The findings were released by Dr. Rohini Srivathsa, National Technology Officer, Microsoft India and Ranganath Sadasiva, Director, Enterprise, IDC, in the presence of Girish Nayak, Chief – Service, Operations & Technology, ICICI Lombard General Insurance Company Ltd.
“Today, every company is a software company, and increasingly, every interaction is digital. To be successful in this new world, organisations need to be a fast adopter of best-in-class technology, and in addition to that, they need to build their own unique digital capabilities,” said Rohini.
“Economies and businesses that have yet to embark on their AI journey run a real risk of missing out on the competitive benefits that are enjoyed by leaders.

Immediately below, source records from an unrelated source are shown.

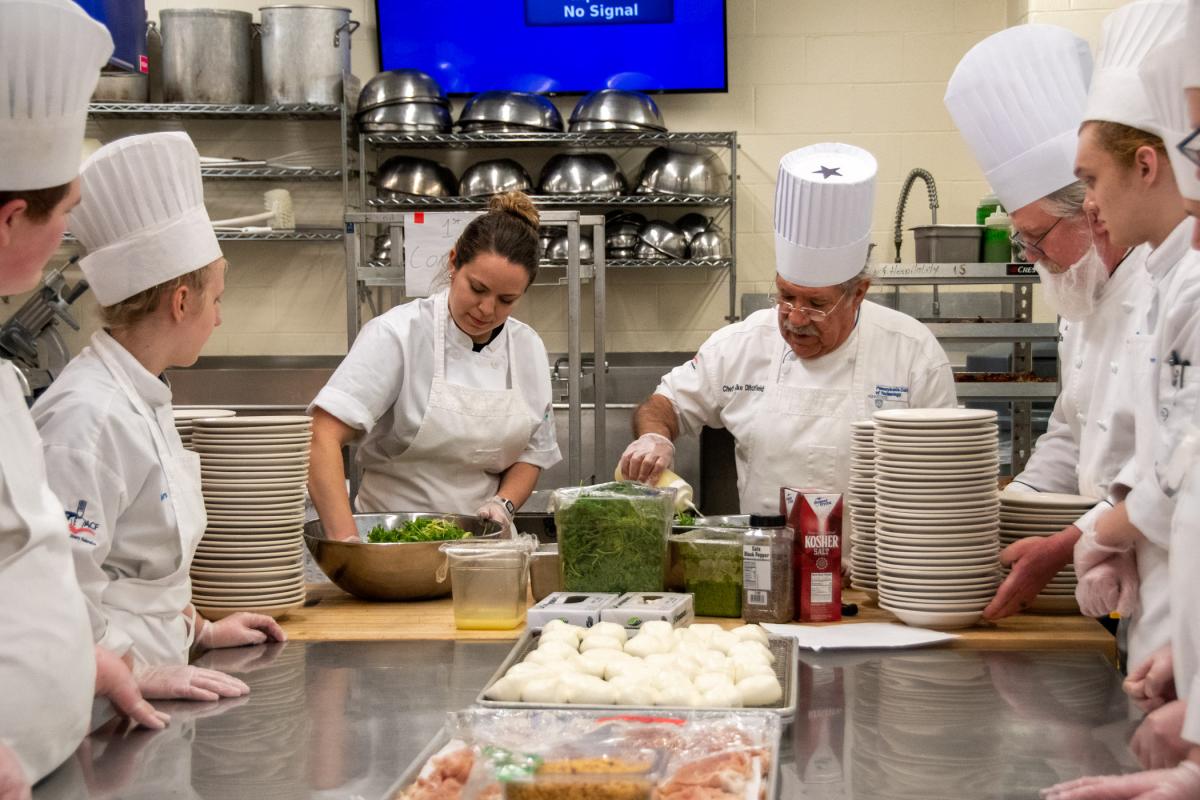 Walters joins Charlie M. Suchanec, who is chef de partie for the college’s Le Jeune Chef Restaurant, a recent graduate of the culinary arts technology major and a current applied management student, in preparing seared pork belly with soy glaze, cabbage slaw, fish sauce and vinaigrette. The appetizer was prepared and offered to guests as they toured the college’s baking and culinary labs. Suchanec is from Tyrone.
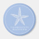 Denna vackra kustinspirerade runda magnet har en vit stjärnfisk på ljusblått. Anpassa med ditt val av namn eller speciell text.
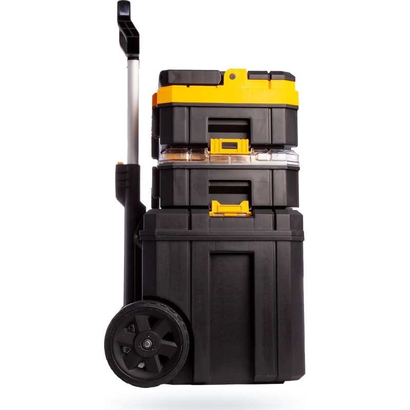 Mobilny zestaw skrzyń wieża na kółkach DeWALT DWST1-81049 składa się z 3 walizek TSTAK SYSTEM 2.0 :
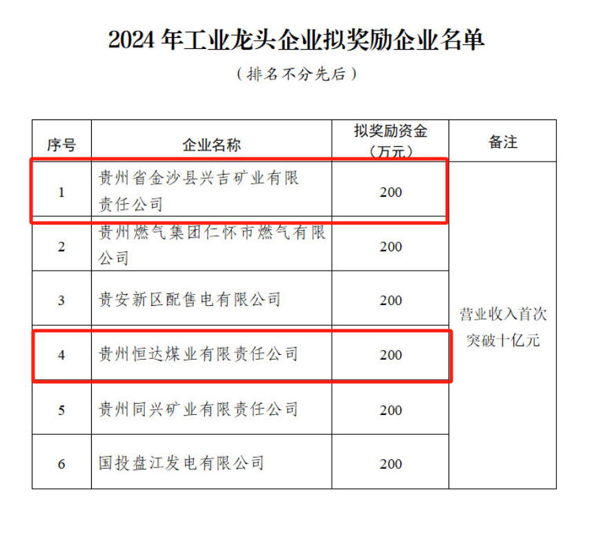4月8日,省能源局发布《关于2024年工业龙头企业拟奖励企业名单的公示》,拟对纳入2024年工业龙头企业培育奖补资金预算的能源企业给予奖励。贵州省浙江平阳顾问李丕国名下企业贵州恒达煤业有限责任公司、商会理事长卢成城名下企业贵州省金沙县兴吉矿业有限责任公司荣登省能源局2024年工业龙头企业拟奖励名单。
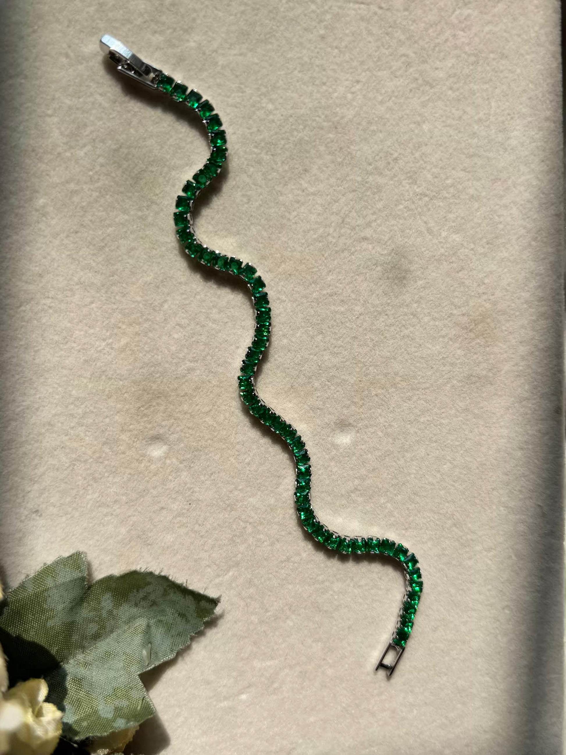 Medium Size Sparkle Green Premium Silver Plated Tennis Bracelet
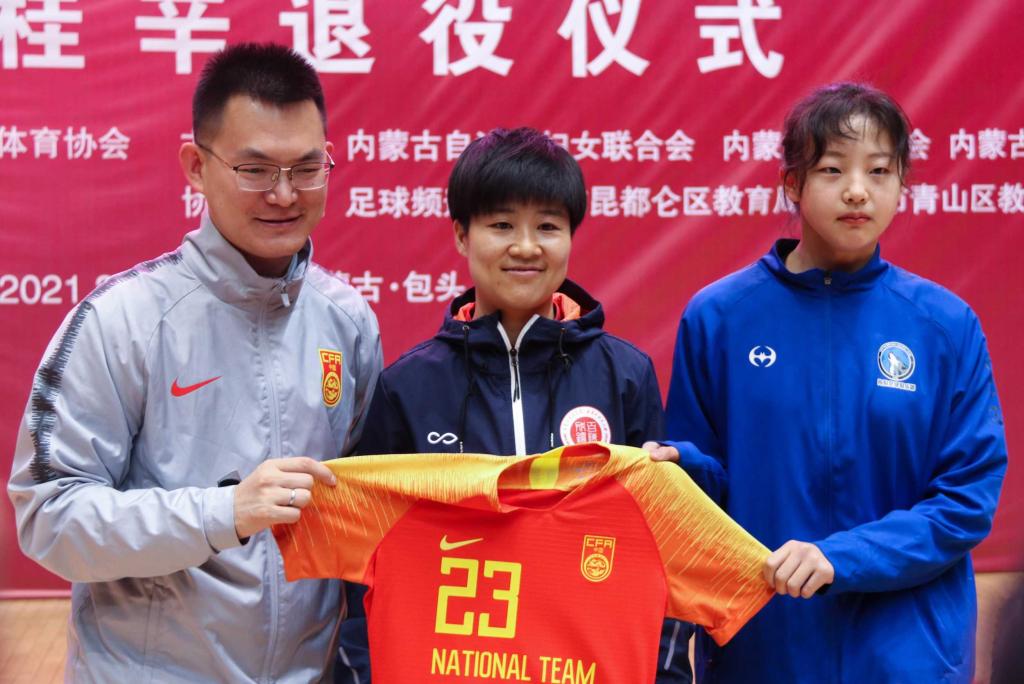 仪式上,中国足协女子足球部副部长程旭和运动员代表为任桂辛送上了纪念球衣,内蒙古学生体育协会会长陈子文为任桂辛颁发“内蒙古自治区校园足球青训中心女子发展部主教练”聘书。任桂辛哽咽发言,道出了对于离开赛场的不舍,对国家的培养,球迷、家人和朋友的支持表达感激。她在投身校园足球的同时,表达对国家和未来的美好祝福,并与在场的足球爱好者和小朋友们合影留念。任桂辛与原女足国家队队长、现北京师范大学教师毕研一起为孩子们颁发纪念足球。
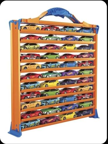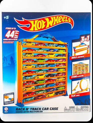 - 44 ədədə qədər Hot Wheels avtomobilini saxlamaq üçün şaquli rəf sistemi (avtomobillər daxil deyil).
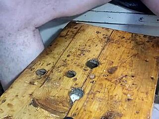brunette fucks huge zucchini anally on desk to intense orgasm
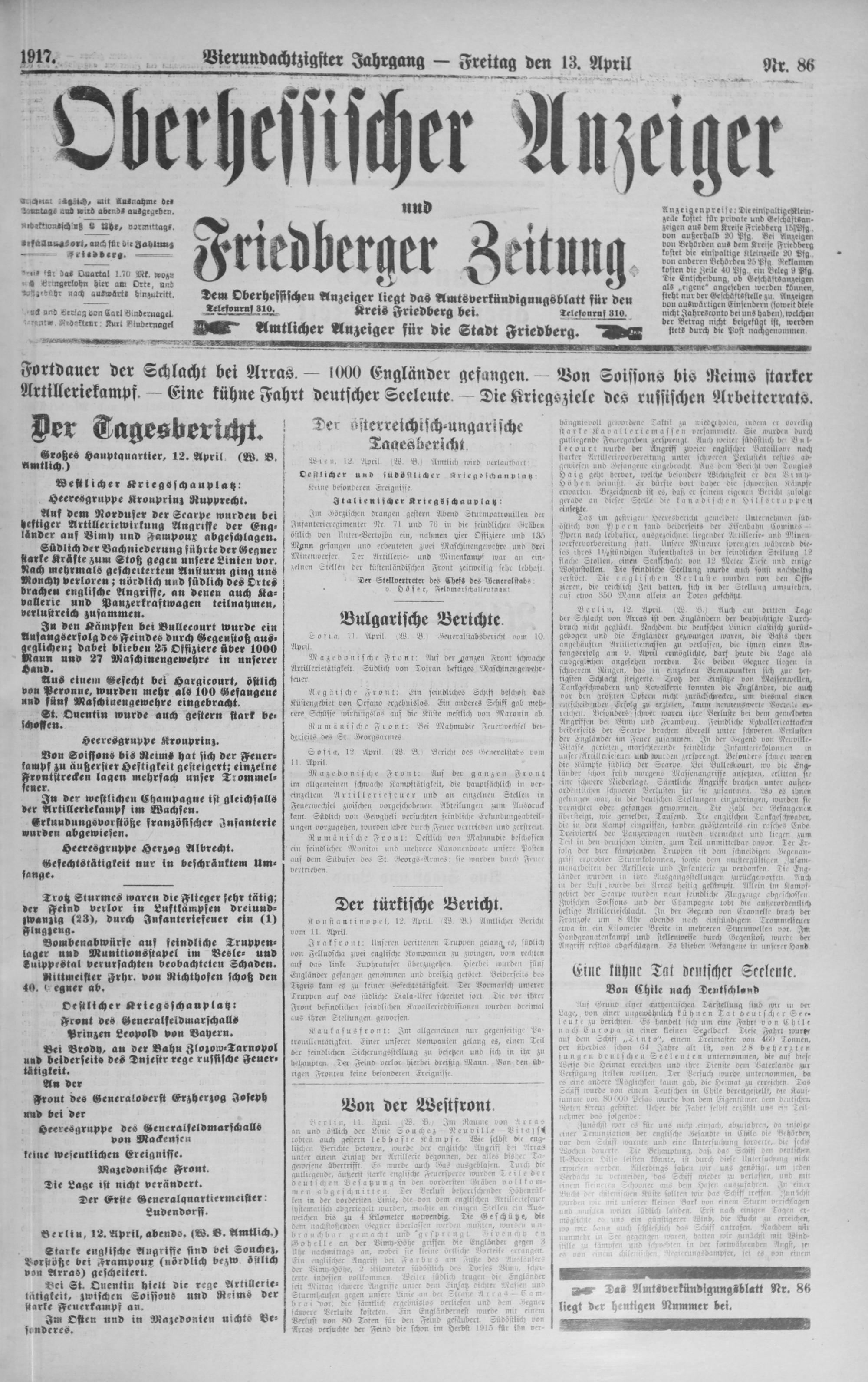 Oberhessischer Anzeiger. 1899-1933
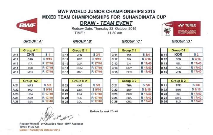 สายรอบแบ่งกลุ่ม Mix team World junior 2016 for suhandinata cup มาแล้วครับ
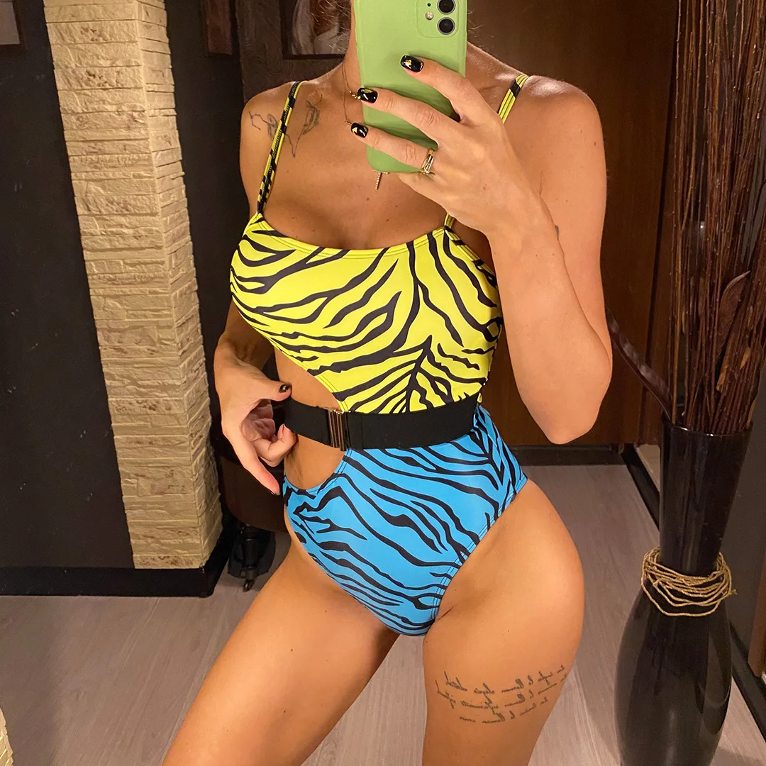 2021 сексуальный цельный купальный костюм с принтом и вырезами на ж...
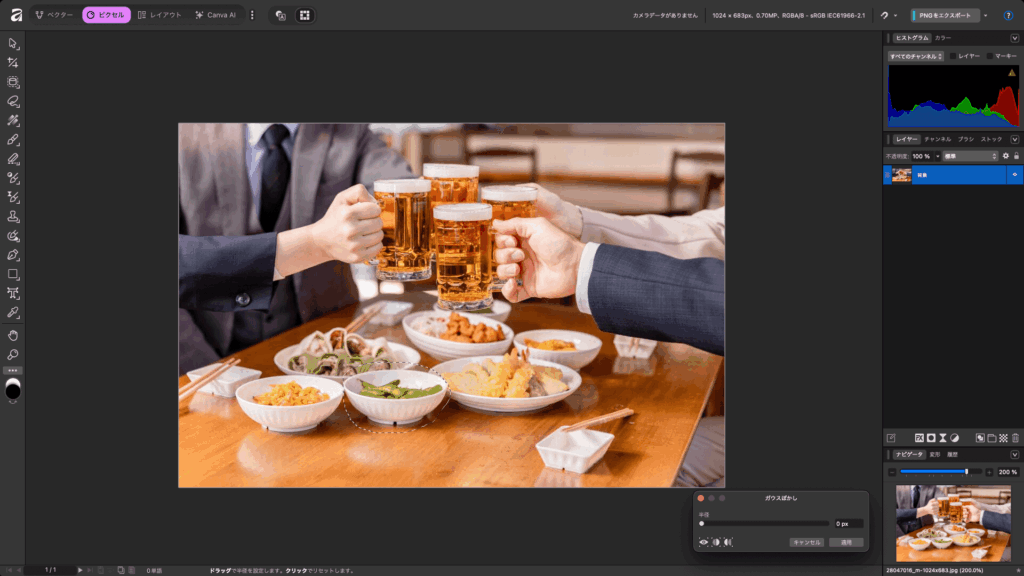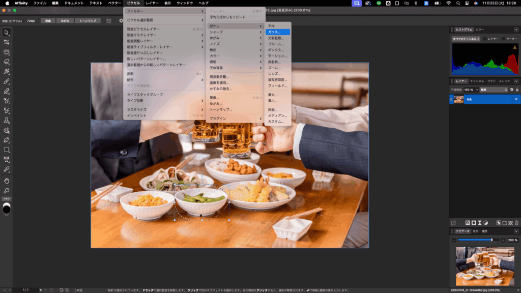 今回は、Affinityで画像の一部をぼかす方法を書きたいと思います。
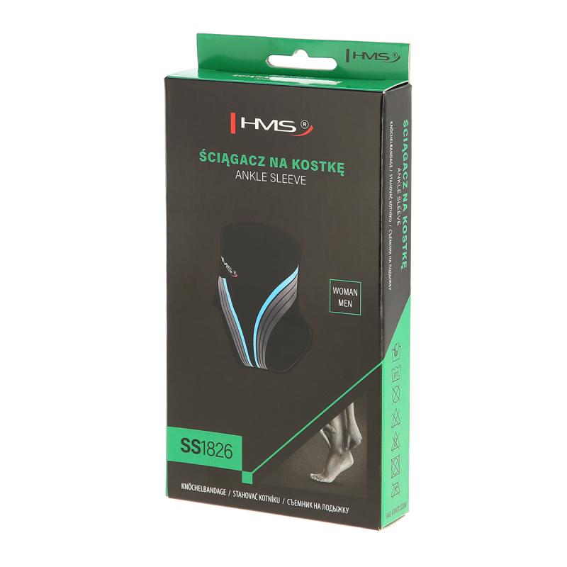 HMS SS1826 je bezšvová bandáž na členok, ktorá má za úlohu spevniť kĺb bez výrazného obmedzenia pohybu. Hlavnou výhodou bezšvového prevedenia je nastavenie kompresie presne podľa aktuálnych potrieb. Nasadenie bandáže je veľmi jednoduché. Chodidlom sa postavíme na stred a postupne ovineme pravú a ľavú stranu okolo členku.
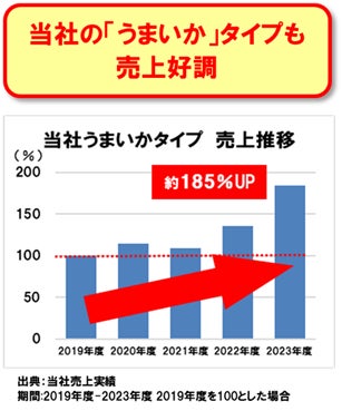 近年、珍味カテゴリの中で揚物商品の市場が伸長しています。ボリューム感があることや、かみ応えの良さ、しっかりとした食べ応えがあり満足度が高いことが理由として考えられ、当社の「うまいか」シリーズも好調です。
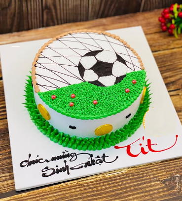 Bánh kem P76 vẽ hình sân cỏ bóng đá cùng những hình dán em bé trai vui vẻ
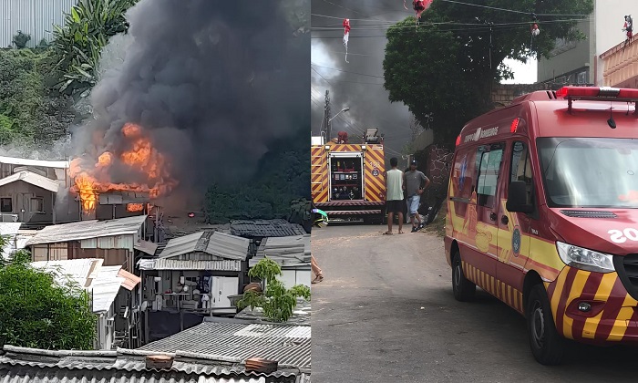 Vídeos que circulam nas redes sociais mostram a proporção do fogo e da fumaça preta que causou preocupação em moradores próximos da casa.

Businesses must now embrace a new culture, where innovation and continuous learning are core components of the organisational culture. It sets the stage for agility, adaptability and growth,” she added.
The study found that by 2021, Artificial Intelligence will be more than double the rate of innovation at organisations (x2.2 times) and employee productivity (x2.3 times) in India. It said that in the last year, organisations that have adopted AI saw 8-22 percent improvement in those areas. It forecast further improvements of at least 2.1 times in three years with the biggest jump expected in higher margins, and higher competitiveness.
The study evaluated six dimensions critical to ensuring the success of a nation’s AI journey. According to the findings, India needs to build upon its investment, data, and strategy in order to accelerate its AI journey. The study also underlines the need for cultural changes and skilling and re-skilling workforces to make AI work for the country.
“To succeed in the AI race, India needs to substantially improve its readiness. Leaders should make AI a core part of their strategy and develop a learning agility culture. Investment in this transformative technology has to be continuous for the long-term success. There is an urgent need for talents and tools to develop, deploy, and monitor AI models, along with the availability of a robust data estate with the adequate governance,” according to Ranganath.